Ах, теперь я вихляю-ковыляю назад перед толпой поклонников. No pictures, please![293] Как, и наш Гейи тоже здесь? По-моему, я вижу его ноги, а повернуть голову не могу из-за боли в груди. А жерло разверзлось мне навстречу, на вид ржавое в темноте и сумраке, словно польский док. Польский док. Я слышу плеск весел.

«Зачем вы все сюда пришли?»

«Потому что мы думали…»

«Что я собралась помирать? Ладно, я попробую. Постараюсь ради вас».

«Нет, мама, я не в том смысле…»

«На самом деле я собиралась помереть не раньше четырнадцатого.

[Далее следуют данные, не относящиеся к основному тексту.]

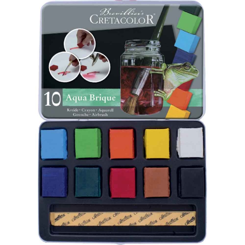 CRETACOLOR 10 AQUA BRIQUE WATERSOLUBLE BLOCK OF COLOURS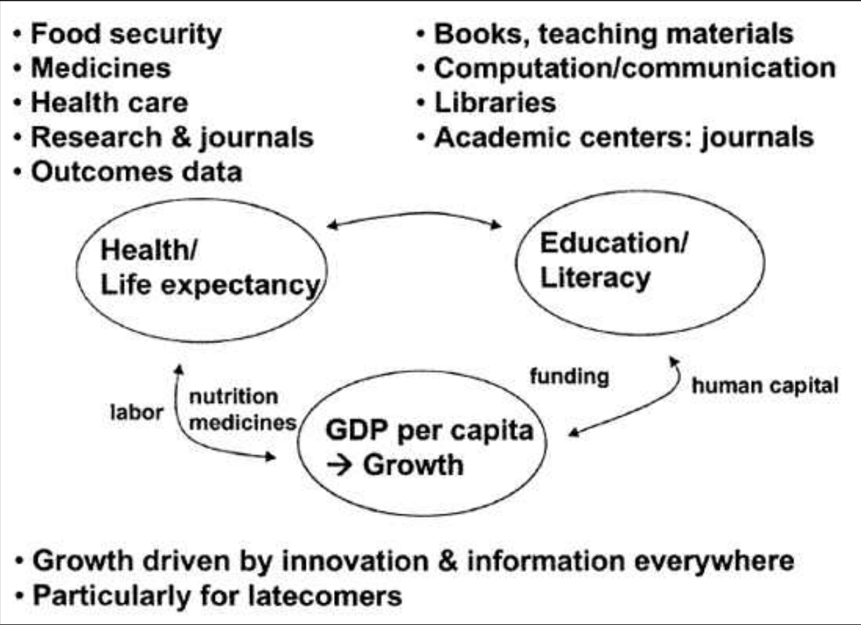 《人类发展报告》于 1990 年发起,旨在衡量一系列构成宜居生活和吸引力的要素。该报告的制定与以经济产出为中心的指标(如国内生产总值 (GDP) 或经济增长)截然不同,旨在更精确地了解一个国家经济和社会的哪些方面使其更宜居或更不宜居。它允许采取更细致入微的方法来改善各地的生活条件。正如森所指出的,中国、印度喀拉拉邦和斯里兰卡的人民比巴西或南非等人均收入更高的其他国家寿命更长、更健康。《人类发展报告》衡量了生活的方方面面。它追踪的主要综合指数是人类发展指数。人类发展指数试图捕捉人们长寿健康、知识渊博和拥有足够的物质资源来提供体面生活水平的能力。它通过结合三个主要组成部分来实现这一目标:出生时的预期寿命、成人识字率和入学率以及人均 GDP。如图 9.1 所示,在全球信息经济中,这些指标中的每一个都在很大程度上(但并非唯一地)取决于信息、知识以及信息嵌入商品和服务的获取情况。预期寿命受到充足营养和获得救命药物的影响。农业生物技术创新,以及种植技术方面的农艺创新和其他低技术创新模式,在提高社会自给自足能力和营养食品供应方面发挥了重要作用。药物依赖于药物研究及其产品的获取,医疗保健依赖于研究和出版,以开发和传播有关最佳护理实践的信息。毫不奇怪,教育也严重依赖于教学材料和设施的获取。这包括获取基本教科书、图书馆、计算和通信系统以及当地学术中心。最后,半个多世纪以来,经济增长一直被理解为主要由创新驱动。对于后来者来说尤其如此,他们可以通过采用其他地方开发的最佳实践和先进技术,然后根据当地情况进行调整,并利用通过这种方式获得的新技术平台,最快地改善自身状况。因此,这三个要素都受到信息、知识获取和使用的重大影响。网络信息经济的出现能够为人类发展带来巨大利益这一说法的基本前提是,我们产生新信息的方式——以及同样重要的,我们用来管理世界各地现有信息和知识存量的体制框架——能够对人类发展产生重大影响。
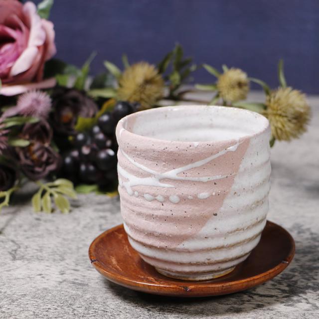 信楽焼 湯呑み 200ml(満水時) 陶器 おしゃれ 保温 かわいい 和食器 日本製 汲出し カップ 食器 茶器 やきもの コップ 焼き物 器 潮騒(ピンク)湯呑 w414-06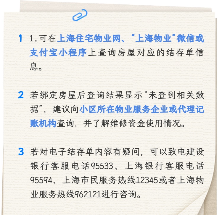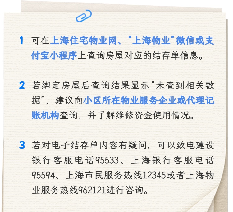 如您对2025年度商品住宅维修资金电子结存单内容有疑问,可以致电建设银行客服电话95533、上海银行客服电话95594、上海市民服务热线12345或者上海物业服务热线962121进行咨询。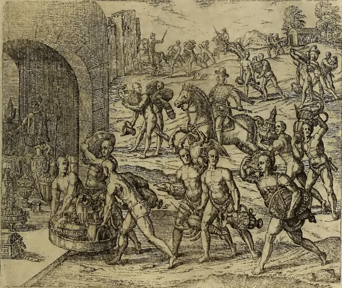 Inca Emperor Atahualpa (Atabalipa) agreed to pay the ransom amount demanded by Francisco Pizarro to secure his freedom. Inca men stream towards the walls of the city Cajamarca bearing gold and silver items, including plates, vases, chests of jewelry, carvings of mythical creatures, and other pieces they have gathered throughout Peru. The Inca people are supervised by several Spaniards on horseback wielding wooden clubs or truncheons.

А какое сегодня число?»

«Восьмое. Восьмое декабря».

«Да? День рождения Фридьйоуна. Где мое яйцо? Дайте мне мое яйцо. Я его с собой возьму».

Ай, как же жить больно! Я позволяю ей сложить меня вдвое под одеялом, и в глазах у меня темнеет. Умереть будет хорошо. Лишь бы у меня там никаких легких не было. Это ноутбук? Нет. Его я оставлю, а яйцо заберу с собой, и лекарства, лекарства. Да, если б она не говорила, эта чертова Эвита, не толкала речь, народ бы не ушел с улиц, и моя малютка была бы жива. На мне все время лежало какое-то президентское проклятье. Правильно Байринг тогда сказал, я – «фифа президентская». Но пусть он не ждет меня на той стороне с ромом, розами и в голубом свитере! При кончине человек должен получать какое-то право на неприкосновенность при предъявлении свидетельства о смерти. Тогда я лучше выберу Боба с его планами. С ним я уже назавтра добилась бы аудиенции у дьявола. Мы войдем по ковру и оба одновременно поклонимся, словно крохотные адские детишки. А князь поднимет пылающий палец и скажет «velbekomme»[294] по-датски. Да-да, дьявол говорит по-датски. Хотя, наверно, у него есть переводчики. У него есть переводчики. Но я хочу, чтоб тогда оно было со мной – сердце моего отца, – и я сжимаю его в руках, а они пытаются разжать. Отче наш, иже еси на небеси…

«Не нравится мне это».

«А это настоящая граната? Она не взорвется?»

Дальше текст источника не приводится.